Mining WhatsApp for Language Learning

  20 Sep 2015


I recently moved to Indonesia and am slowly learning the local language, Bahasa Indonesia. I’ve been learning a bit from a tutor, but when I try to use the sentences and words in conversation, my local friends tell me that the style I’m using is too formal and not how people naturally talk. I also noticed a lot of slang/informal words in Bahasa-speaking WhatsApp groups I’ve been added to.
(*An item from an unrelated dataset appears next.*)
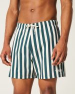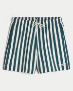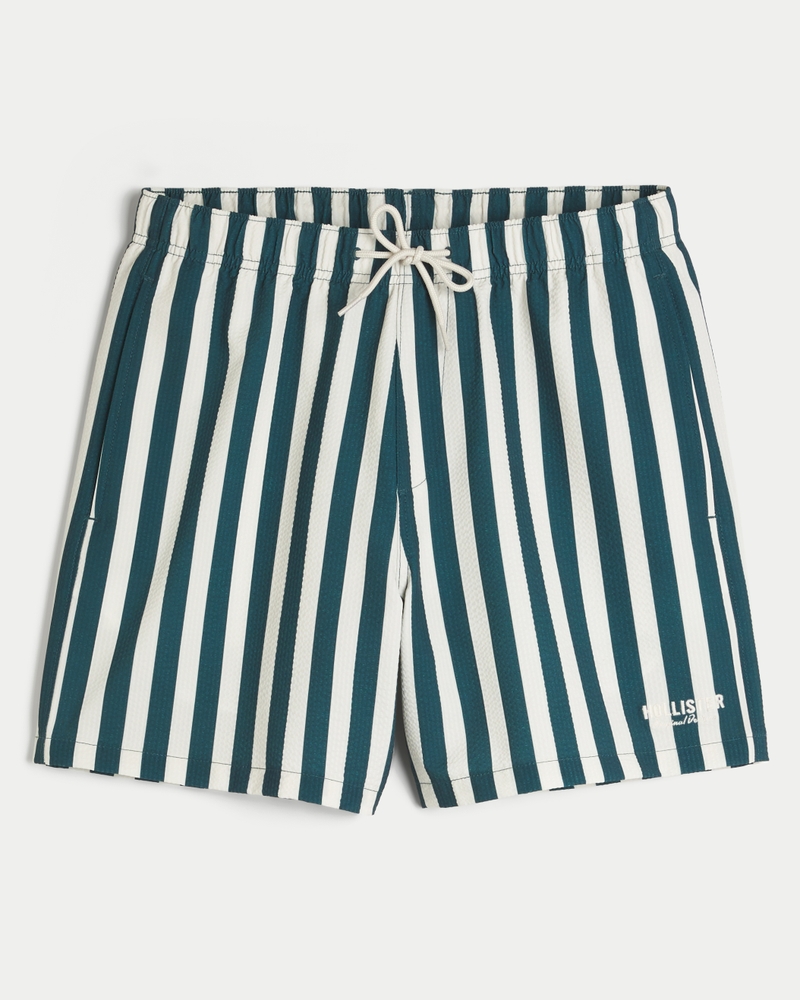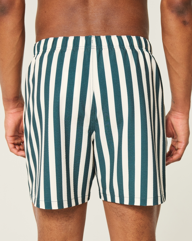 Mid-Thigh Seersucker Volley Swim Trunks – dark green stripe
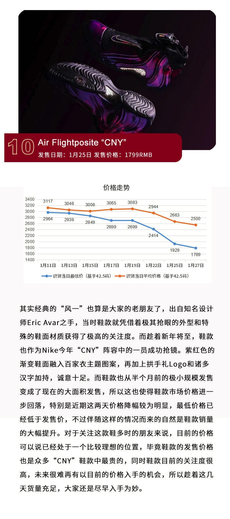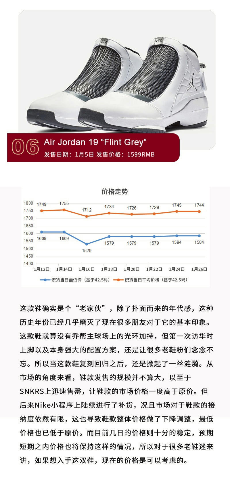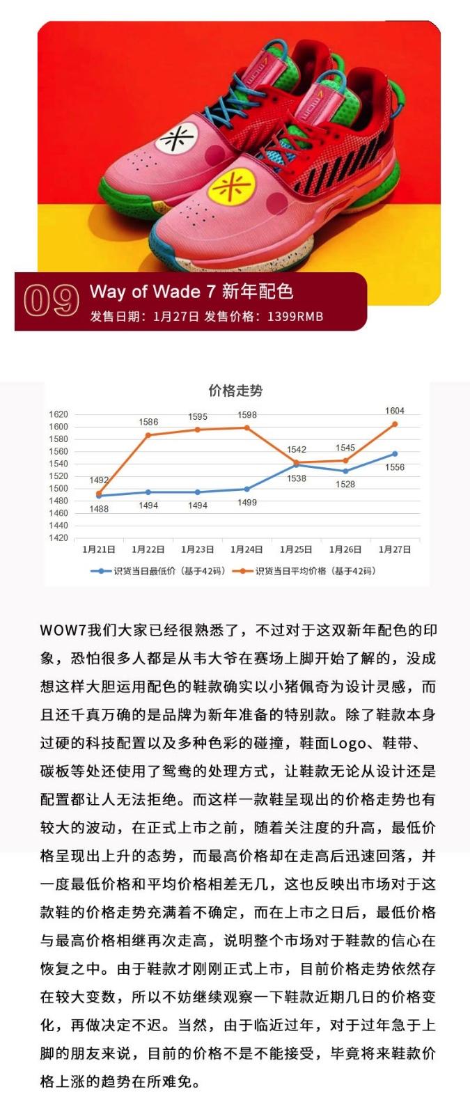 过去的一周又是忙碌的一周,快过年了,大家也在为这个春节做着各种各样的努力。同样,在过年进入倒计时的这段时间,各个品牌也是继续拿出自己的诚意之作。号称年底终极BOSS的Nike Air Flightposite CNY迎来了大规模发售,Air Jordan 1 “Neutral Grey”的发售开启了今年Air Jordan 1的序幕,源自迈克尔-乔丹母校兰尼高中配色的Air Jordan 5 JSP “Laney”与保罗-乔治全新首发NASA主题配色签名鞋Nike PG3在同一天发售,满足着不同人群的需求。而adidas再次与菲董联手推出的CNY系列,Solar Hu 与 BYW 两款鞋已同步上架。不过要论惊艳,绝对有韦德之道 7 推出的猪年配色,毕竟“小猪佩奇” 配色应时应景,大胆的撞色设计让人过目不忘。当然,让大家惦记的鞋款岂止这些,还有很多大家已经熟知的老朋友或者他们的新配色也呈现出境遇不同的价格走势,所以本期不妨带大家回顾一些这段时间大家关心的鞋款。

I thought that if I could learn the 20% of words that make up 80%-ish of the conversation, perhaps my overall comprehension could improve a bit faster. So I put together a python script to create a CSV export of most common words and explain how to use it here. If you’re on a Mac, you already have Python. If you have Windows, you might need to install Python first.

  1. In WhatsApp on your phone, go into a group chat and press the menu button. Tap More > Email chat > Without Media, and email the chat to yourself.

  2. Download the .txt file to your computer. In my case, this was “WhatsApp Chat with Open Data Club.txt”. I renamed it to WhatsApp.txt for simplicity.

  3. Download this Python script and save it in the same folder as your WhatsApp chat.

  4. Open up a terminal in that folder and type python wordcount.py WhatsApp.txt, where WhatsApp.txt is the name of the text file with the conversation. Within a few seconds, you should see ‘wa-word-count.csv’ created in that same folder. That’s your list!

  5. To bulk translate the words, I opened the csv in Google Docs and added a ‘Translation’ column that uses the =GOOGLETRANSLATE formula to bulk translate every word. This is maybe only about 95% accurate, but it’s a great start to review with a native speaker.

Translating words in Google Sheets

By default, this exports a CSV with the count of all words. If you want to limit to the top 100 words, you can do that by python wordcount.py WhatsApp.txt 100.

If anyone has suggestions for improving the code/process, please submit a pull request or let me know in the comments!

Thanks to my friend and former colleague @_couper for the push to post this!